In 2020 Vicki made her first appearance in the comedy award nominated sitcom radio and podcast series Barmy Dale. Michelle plays the continuing role of Angie Edwards, the wife of notorious killer, Branston, famed for pickling his victims. Http://Www.Barmyproductions.com

In February 2023, it was announced that Michelle would be joining the BBC One soap opera EastEnders in spring 2023 for a short guest stint.  It was later announced that Michelle would be playing Jo Cotton, the secret wife of Tom "Rocky" Cotton (Brian Conley).

Other ventures

Philanthropy and charity work
Michelle is actively involved in many charities and good causes. She was the longest-serving president of The Heritage Foundation and is the current president of  the eastern region of the Lady Taveners. As well as being a member of the Grand Order Of Lady Ratlings, Michelle is also an ambassador for Keep Britain Tidy, the SSAFA, Wetnose Animal Aid, Homeless Worldwide and a patron of the Gordon Craig Theatre, Macmillan Cancer Support, Barnardo's, Age UK, Marie Curie Cancer Care, Sign2Sing, the Blackfish Academy, the Talent Time Stage School, the Haven House Children's Hospice, the Essex Women's Advisory Group, The Dream Factory and AA Dog Rescue. She is also an Executive Committee Member of the Royal Variety Charity. She has also presented the Soldering On Awards since 2016.
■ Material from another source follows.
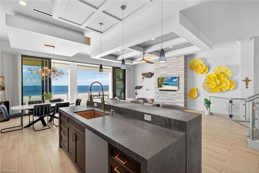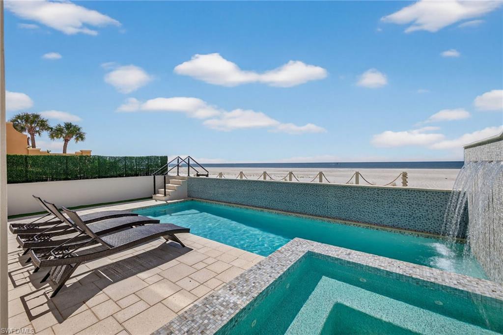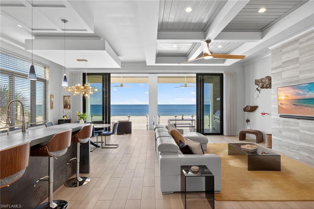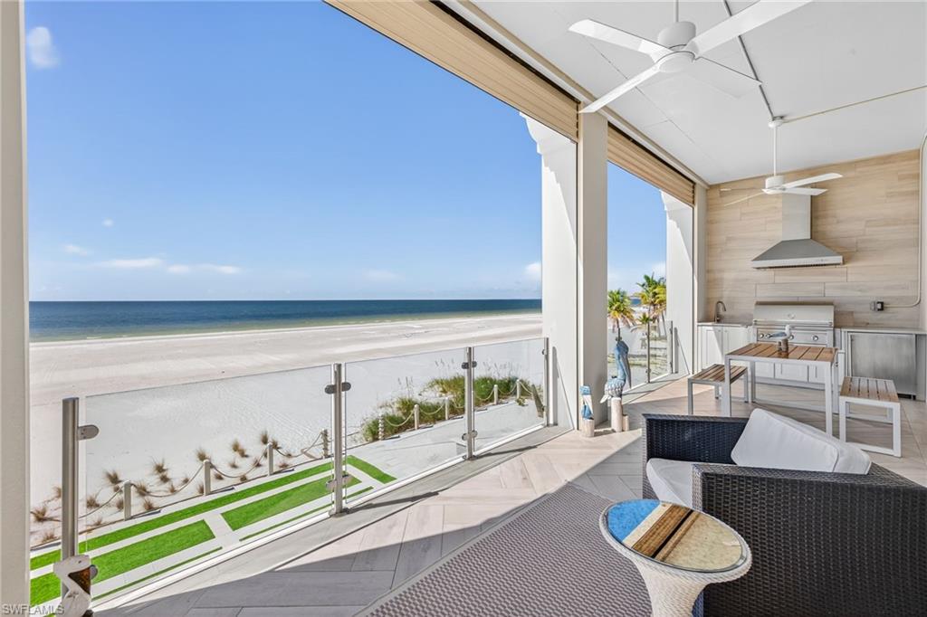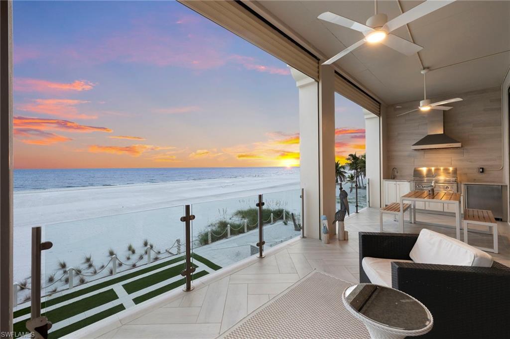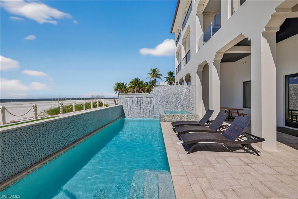 Situated on the most sought-after stretchers of Ft Myers Beach, this Gulf-front residence delivers luxury beachfront living with a strong investment appeal. Away from the busyness of Times Square yet close to dining, Publix, and island amenities, the location offers both privacy and convenience. This home boasts a strong rental history and substantial year to date bookings make this a seamless turn-key investment. Inside, the open-concept floor plan is anchored by a chef's kitchen featuring professional-grade appliances, custom cabinetry, and elegant quartz and granite finishes. Bright, airy living spaces flow seamlessly together, highlighted by driftwood-style tile flooring throughout, designer lighting, and soaring ceilings. Built to endure, the home offers concrete block construction, hurricane-impact glass, electric storm shutters, and a private elevator for convenience and peace of mind. The outdoor living space is equally impressive, with a resort-style pool and spa, cascading waterfall, a full outdoor kitchen, and glass railings that maximize panoramic Gulf views and watercolor sunsets. The home sits along the newly restored shoreline, thanks to the Estero Island Beach Renourishment Project, which enhances both beauty and long-term resilience. Whether as a luxurious private retreat or a premier rental investment, 3534 Estero Blvd stands as one of the finest opportunities on Fort Myers Beach. Schedule your private sunset showing today!

Michelle is also a regular campaigner for Ban Trophy Hunting, Acting For Others, the Mane Chance Horse Sanctuary, Autism's Got Talent and also supports the armed forces charities Blind Veterans UK, the RAF Benevolent Fund, Pathfinders and Nowzad Dogs.

Business ventures
In 1992, Michelle and two of her sisters set up a company called Trading Faces, of which Michelle is the company director, which provides celebrity after-dinner speakers for corporate events. Amongst her list of clients are Charles Dance, Joan Collins, Joanna Lumley and Lord Sebastian Coe. The company's website also state that they also provide "film & video production facilities, multi-camera event coverage, CV & biography writing services, promotional & training films, film & TV commercials, press coverage, scriptwriting and product endorsement".

Radio
Michelle has been broadcasting a weekly chat show on Brentwood radio station Phoenix FM since October 2017, with celebrity guests including Rick Wakeman, Harry Redknapp, John Challis, Ray Cooney, Linda Lusardi and Robin Askwith.

Producing
In 2012, Michelle was executive producer of the film based on the Ray Cooney theatrical production Run for Your Wife.

Personal life
Michelle is married to Graham Fowler, a cinematographer, whom she married in 1974. She and Fowler have one daughter, Louise, born in 1989 who is also an actress, known as Louise Michelle. 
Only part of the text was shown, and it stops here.